Waktu ternyata sudah begitu larut. Akhirnya aku, Miss Y, dan juga Miss A menyusul adik Miss A yang sudah dari jam 9 tertidur pulas di dalam tenda. Sedangkan Bang Far dan kawannya masih duduk asik di luar.

Alaram sholat subuh pun mulai berbunyi dari ponsel kami. Satu persatu dari kami pun bangun dan melaksanakan sholat. Langit perlahan mulai menampakkan cahayanya yang terpantul dari sinar matahari. Suhu udara pagi itu begitu dingin dan menyegarkan. Tak akan ketinggalan pengabadian momen di kala pagi itu melalui ponsel kami. Mereka dengan gaya pose mereka, sedang aku lebih suka mengabadikan alam dan sekitarnya dalam tangpakapan layar ponsel ku. Benar saja, sore lalu kami tidak sempat atau bahkan tidak bisa menangkap momen senja. Ya, karena kami yang datang terlambat juga karena langit sedang mendung-mendungnya.

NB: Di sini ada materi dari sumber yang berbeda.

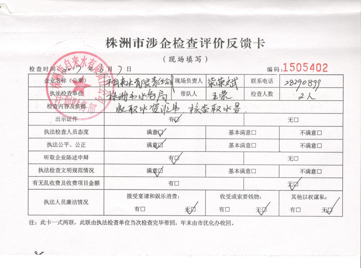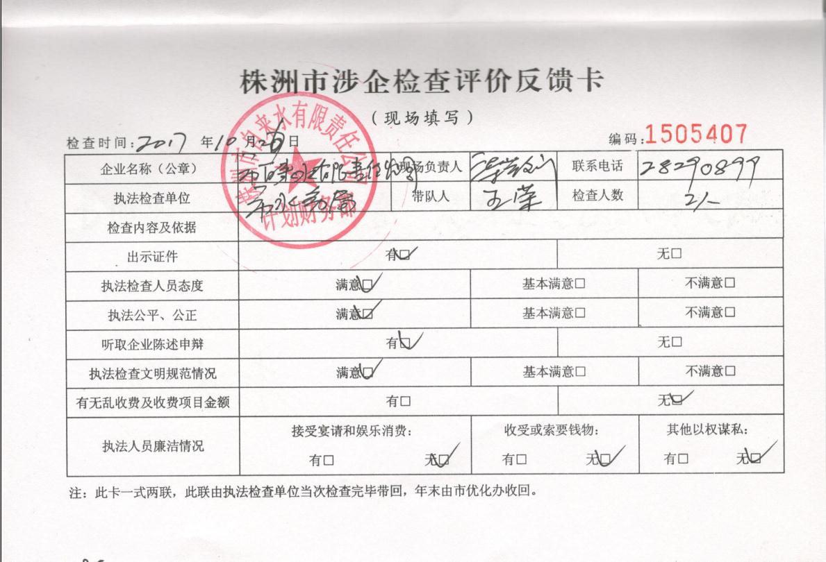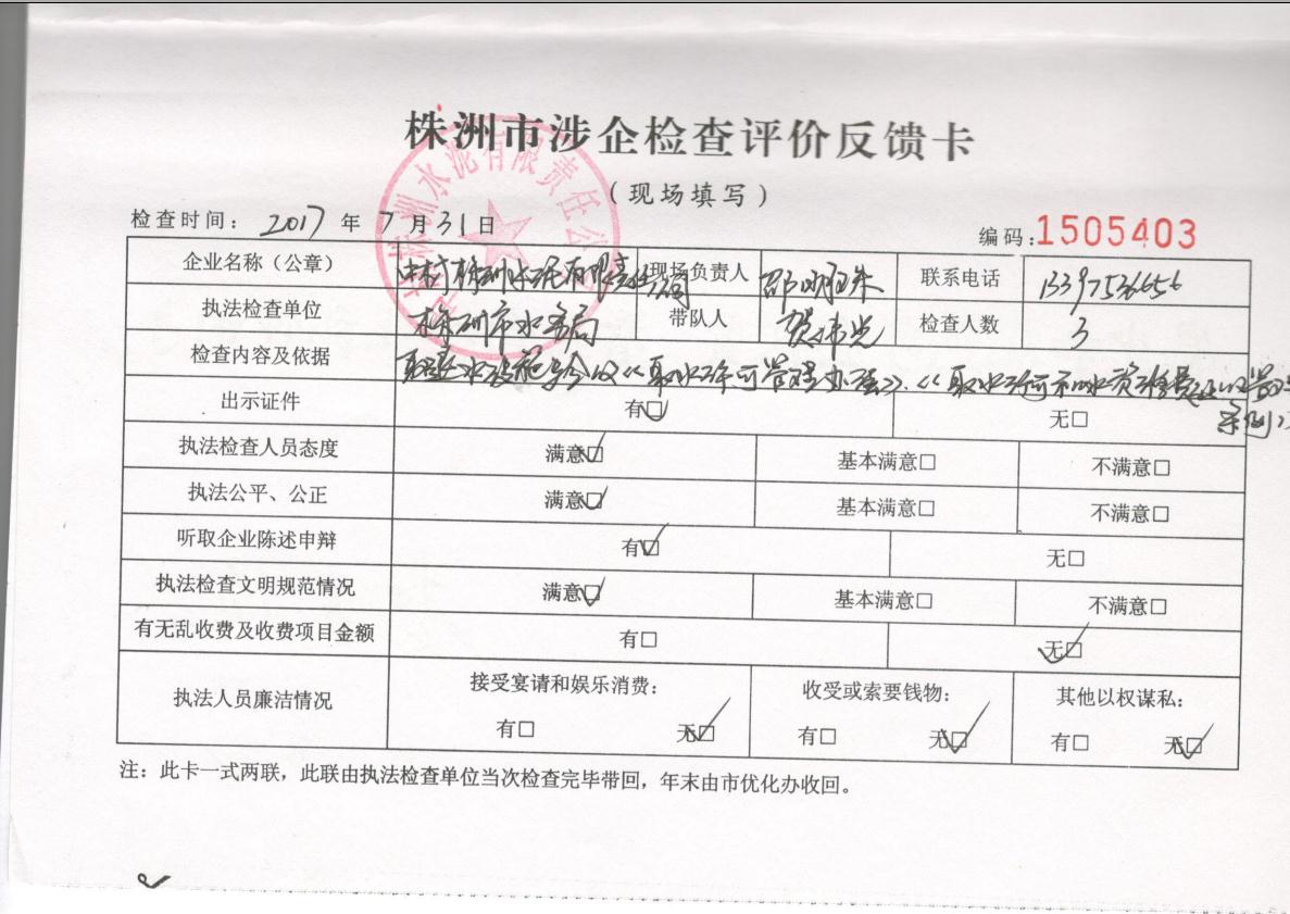 株洲市水务局涉企检查公示(2017年度)
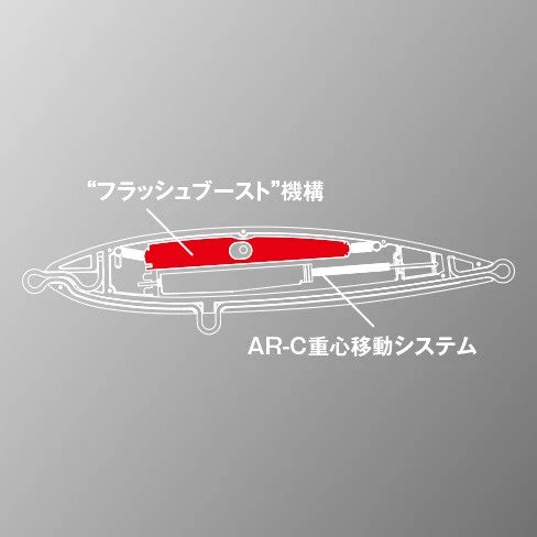 This unique system adopts a moving spring weight. At the time of the cast, it slides to the back of the lure, creating centrifugal force. This accelerates the lure, and during flight it stays straighter and is more direct, resulting in on average a 20% improvement in casting distance as well as higher accuracy. upon landing, the spring shifts the weight forward and the lure regains its balance and action.
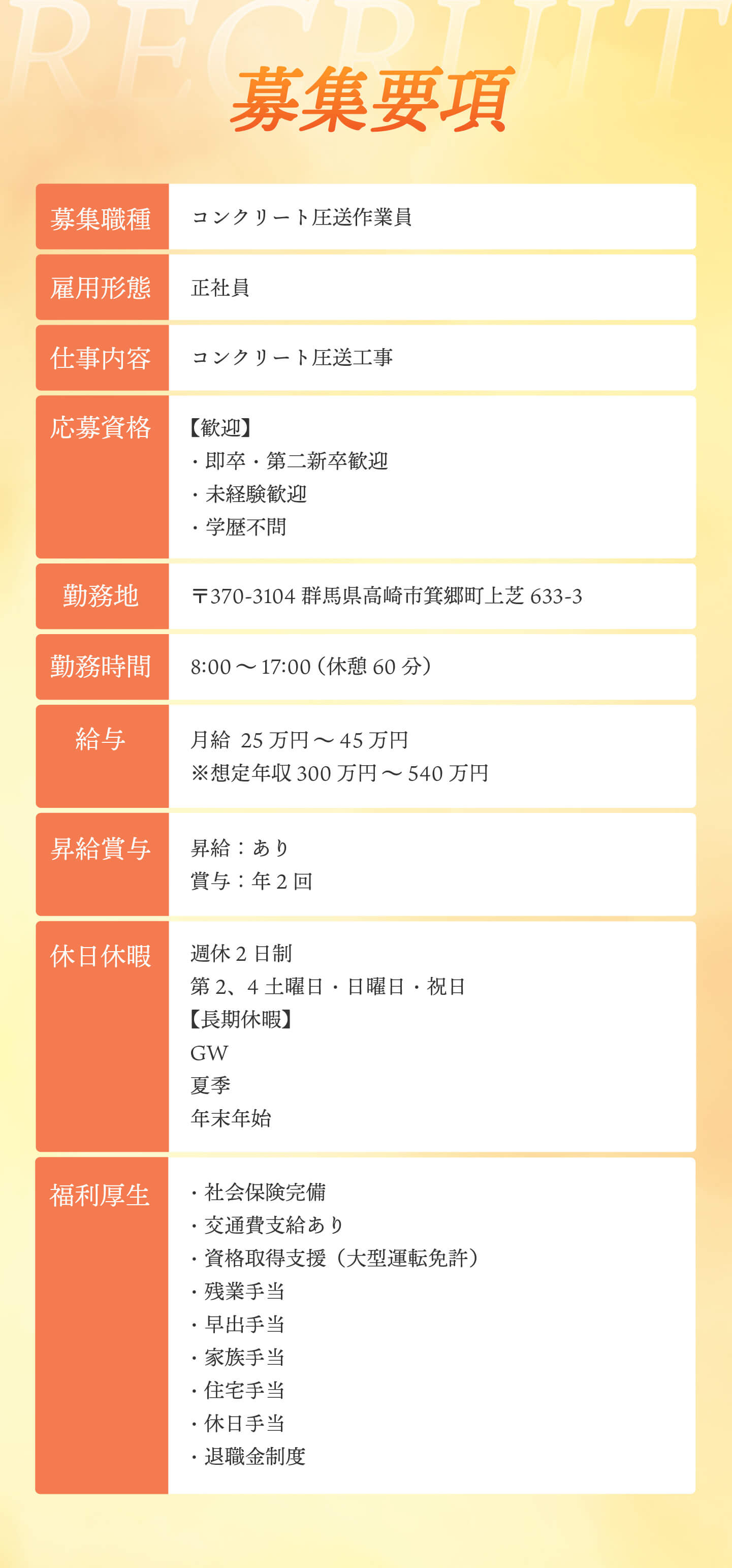 | 事業内容 | コンクリート圧送工事 |

Akhirnya agenda kami pun usai. Kenangan indah yang tertuang dalam secarik cerita di ujung jalan. Ku ucapkan terimakasih untuk semua kisah dan pengalaman yang menyenangkan. Meski tak semua hal terasa semenyenangkan itu, namun bagi ku segala kenangan ingin ku abadikan dalam memori kecil ku ini. Karena meski ku berusaha melupakannya, sungguh memori manusia tak seperti memori ponsel yang kita delete, lalu ia akan hilang begitu saja. Memori ini permanen tertanam dengan baik bahkan sejak kita belum terlahir dari kandungan ibu. Yang kuyakini hanya satu.

“Tugas kita hanya untuk menjalaninya dengan sebaik mungkin. Sebab yang telah berlalu tak akan pernah kembali lagi. Dan yang akan datang tak akan pernah melepaskan masa lalu. Sekali pun diri kita sendiri.”